In a disaster recovery scenario, you can fail over from the unavailable primary cluster to the standby cluster. This will stop the replication stream, reset the standby cluster to a point in time where all ingested data is consistent, and mark the standby as ready to accept application traffic.
For a list of requirements for PCR, refer to the Before you begin section of the setup tutorial.
Use cases
You can use PCR in a disaster recovery plan to:
- Meet your RTO (Recovery Time Objective) and RPO (Recovery Point Objective) requirements. PCR provides lower RTO and RPO than backup and restore.
- Automatically replicate everything in your primary cluster to recover quickly from a control plane or full cluster failure.
- Protect against region failure when you cannot use individual multi-region clusters — for example, if you have a two-datacenter architecture and do not have access to three regions; or, you need low-write latency in a single region. PCR allows for an active-passive (primary-standby) structure across two clusters with the passive cluster in a different region.
- Avoid conflicts in data after recovery; the replication completes to a transactionally consistent state as of a certain point in time.
Features
- Asynchronous byte-level replication: When you initiate a replication stream, it will replicate byte-for-byte all of the primary cluster's existing user data and associated metadata to the standby cluster asynchronously. From then on, it will continuously replicate the primary cluster's data and metadata to the standby cluster. PCR will automatically replicate changes related to operations such as schema changes, user and privilege modifications, and zone configuration updates without any manual work.
- Transactional consistency: You can fail over to the standby cluster at the
LATEST
timestamp or a point of time in the past or the future. When the failover process completes, the standby cluster will be in a transactionally consistent state as of the point in time you specified. - Maintained/improved RPO and RTO: Depending on workload and deployment configuration, replication lag between the primary and standby is generally in the tens-of-seconds range. The failover process from the primary cluster to the standby should typically happen within five minutes when completing a failover to the latest replicated time using
LATEST
. - Failover to a timestamp in the past or the future: In the case of logical disasters or mistakes, you can fail over from the primary to the standby cluster to a timestamp in the past. This means that you can return the standby to a timestamp before the mistake was replicated to the standby. You can also configure the
WITH RETENTION
option to control how far in the past you can fail over to. Furthermore, you can plan a failover by specifying a timestamp in the future. - Monitoring: To monitor the replication's initial progress, current status, and performance, you can use metrics available in the DB Console and Prometheus. For more detail, refer to Physical Cluster Replication Monitoring.

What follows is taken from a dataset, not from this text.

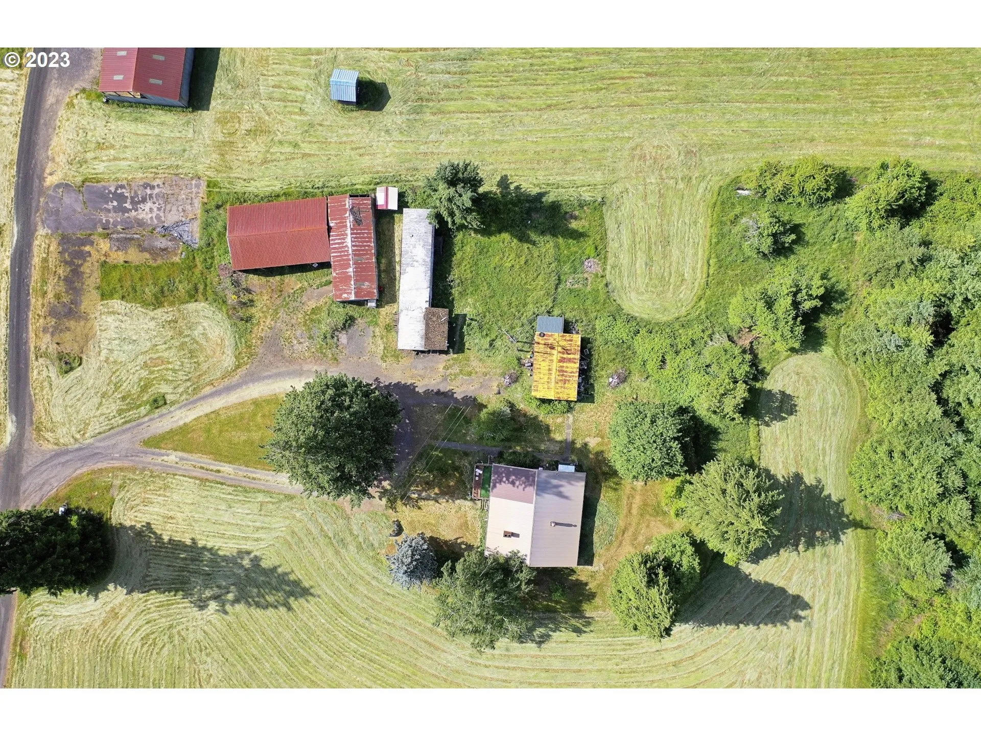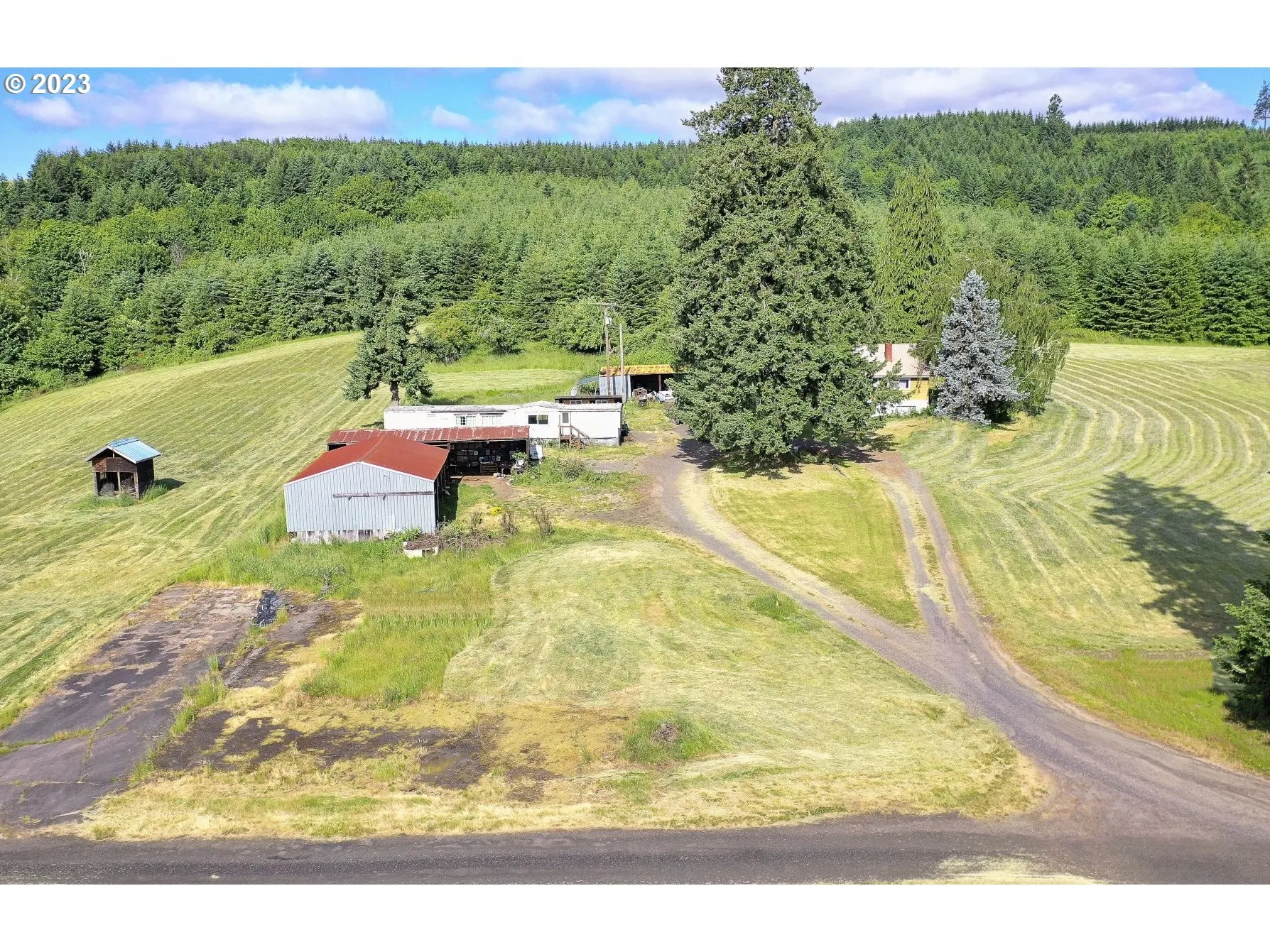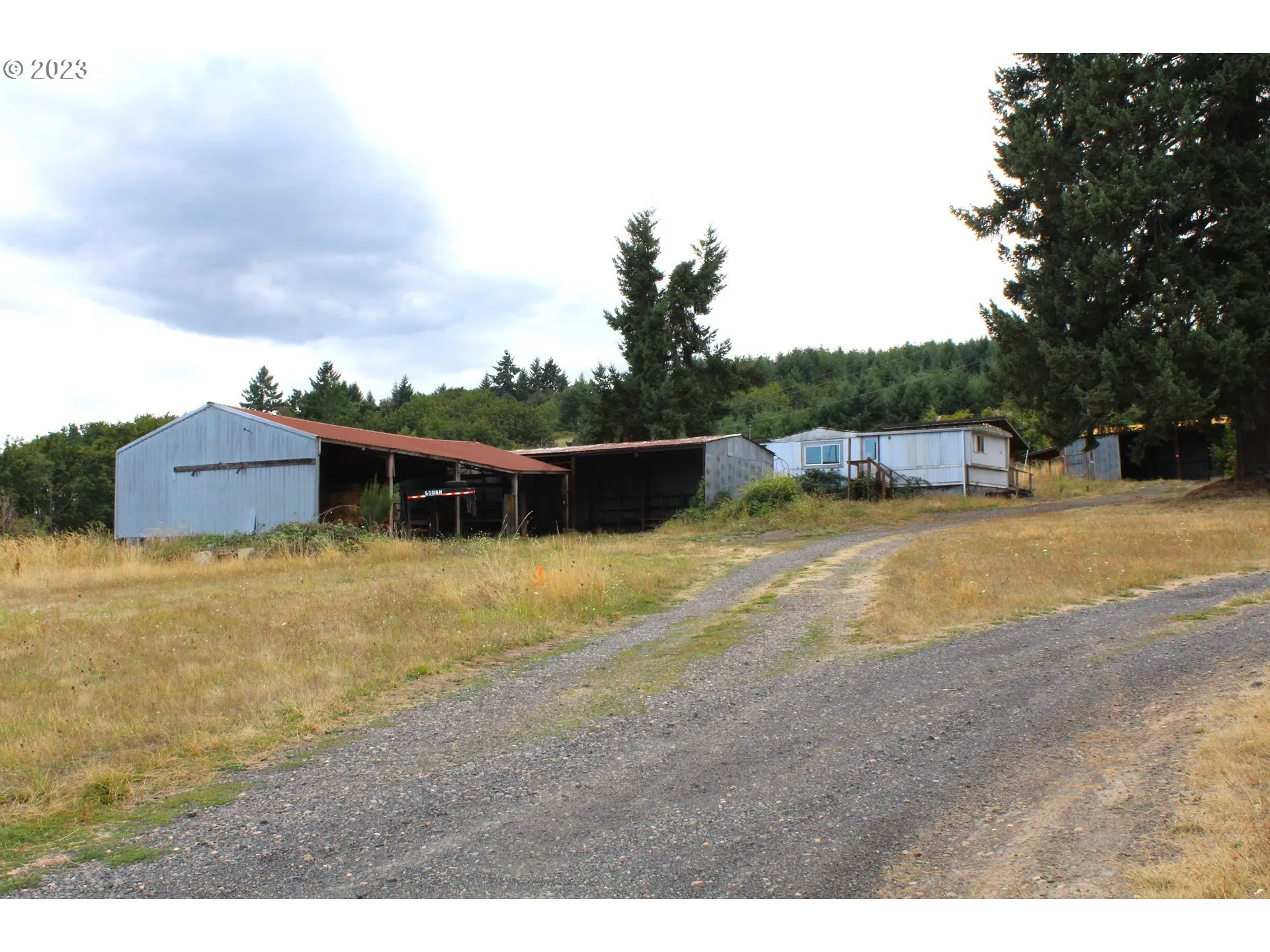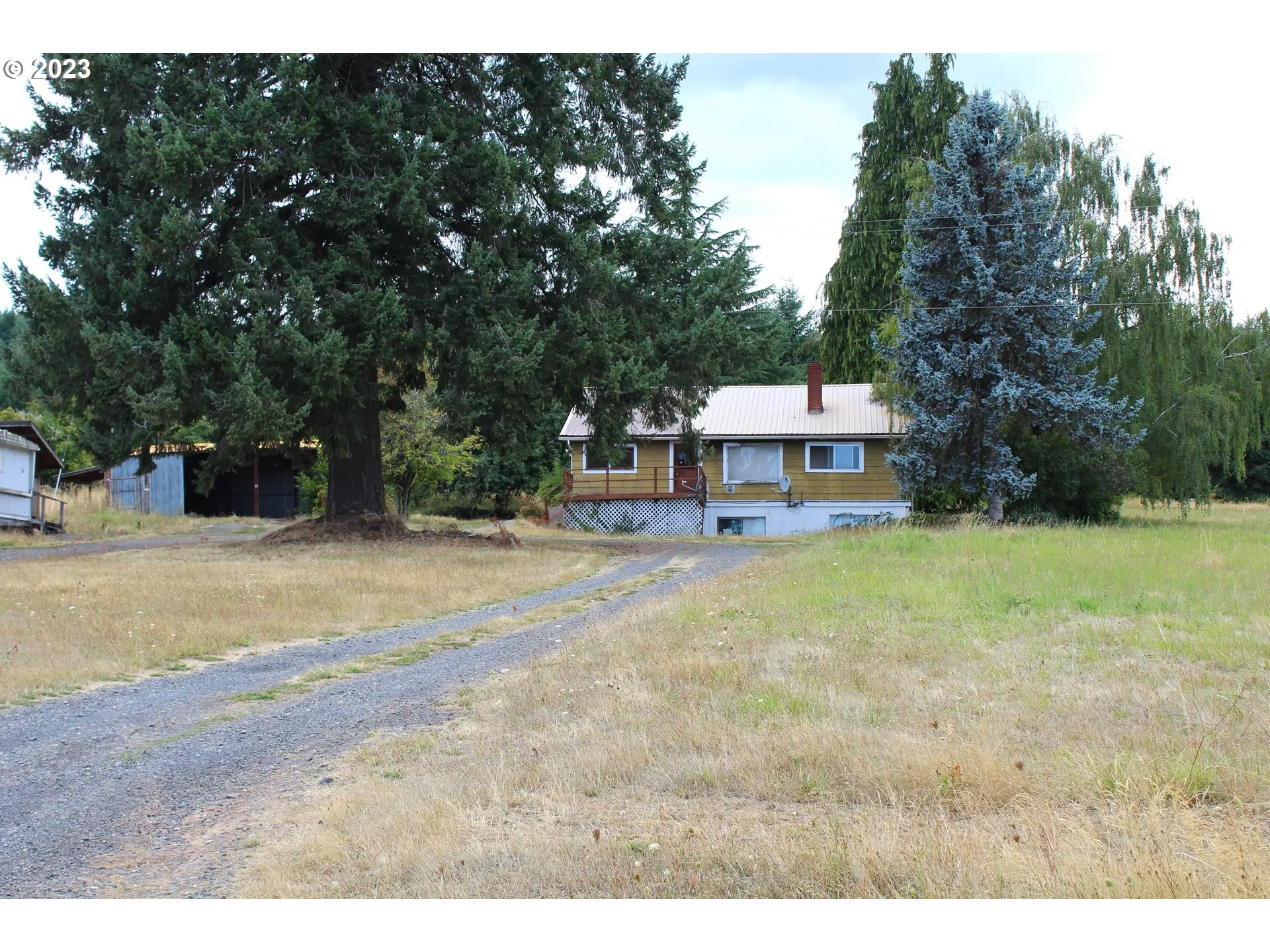Mt. Hood & Territorial View! This 1949 fixer offers loads of potential. 4 bedrooms and 1 bath on the main level, partially finished basement with family room and a 2nd bathroom, multiple fireplaces, and more. Located on 3.85+/- acres with fruit trees, 2 septic systems, shared well, multiple outbuildings (carport, RV Storage, and workshop), plus beautiful territorial and mountain views. Single wide on property of no value. Grandfathered in for two dwellings. Buyer to do own due diligence.
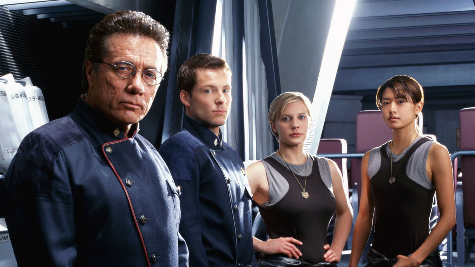 Stars: Edward James Olmos (Commander William Adama), , Mary McDonnell (Laura Roslin), , Jamie Bamber (Lee 'Apollo' Adama), , Katee Sackhoff (Kara 'Starbuck' Thrace), , James Callis (Gaius Baltar), , Tricia Helfer (Number Six), , Tahmoh Penikett (Karl 'Helo' Agathon), , Grace Park (Sharon 'Boomer' Valerii), , Michael Hogan (Saul Tigh), , Aaron Douglas (Galen Tyrol), , Alessandro Juliani (Felix Gaeta), , Michael Trucco (Samuel T. Anders), , Callum Keith Rennie (Leoben),

Failing over to a timestamp in the past involves reverting data on the standby cluster. As a result, this type of failover takes longer to complete than failover to the latest replicated time. The increase in failover time will correlate to how much data you are reverting from the standby. For more detail, refer to the Technical Overview page for PCR.
Known limitations
- Physical cluster replication is supported only on CockroachDB self-hosted in new clusters on v23.2 or above. Physical Cluster Replication cannot be enabled on clusters that have been upgraded from a previous version of CockroachDB.
- Read queries are not supported on the standby cluster before failover.
- The primary and standby cluster cannot have different region topology. For example, replicating a multi-region primary cluster to a single-region standby cluster is not supported. Mismatching regions between a multi-region primary and standby cluster is also not supported.
- Failing back to the primary cluster after a failover is a manual process. Refer to Fail back to the primary cluster. In addition, after failover, to continue using physical cluster replication, you must configure it again.
- Before failover to the standby, the standby cluster does not support running backups or changefeeds.
Large data imports, such as those produced by
RESTORE
orIMPORT INTO
, may dramatically increase replication lag.After the failover process for physical cluster replication, scheduled changefeeds will continue on the promoted cluster. You will need to manage pausing or canceling the schedule on the promoted standby cluster to avoid two clusters running the same changefeed to one sink. #123776
After a failover, there is no mechanism to stop applications from connecting to the original primary cluster. It is necessary to redirect application traffic manually, such as by using a network load balancer or adjusting DNS records.
Performance
Cockroach Labs testing has demonstrated the following results for workloads up to the outlined scale:
- Initial data load: 30TB
- 100,000 writes per second
- Replication lag (steady state, no bulk changes): 20–45 seconds
- Failover: 2–5 minutes
Frequent large schema changes or imports may cause a significant spike in replication lag.
Get started
This section is a quick overview of the initial requirements to start a replication stream.
For more comprehensive guides, refer to:
- Technical Overview: to understand PCR in more depth before setup.
- Set Up Physical Cluster Replication: for a tutorial on how to start a replication stream.
- Physical Cluster Replication Monitoring: for detail on metrics and observability into a replication stream.
- Fail Over from a Primary Cluster to a Standby Cluster: for a guide on how to complete a replication stream and fail over to the standby cluster.
Start clusters
Before starting PCR, ensure that the standby cluster is at the same version, or one version ahead of, the primary cluster. For more details, refer to Cluster versions and upgrades.
To use PCR on clusters, you must initialize the primary and standby CockroachDB clusters with the --virtualized
and --virtualized-empty
flags respectively. This enables cluster virtualization and sets up each cluster ready for replication.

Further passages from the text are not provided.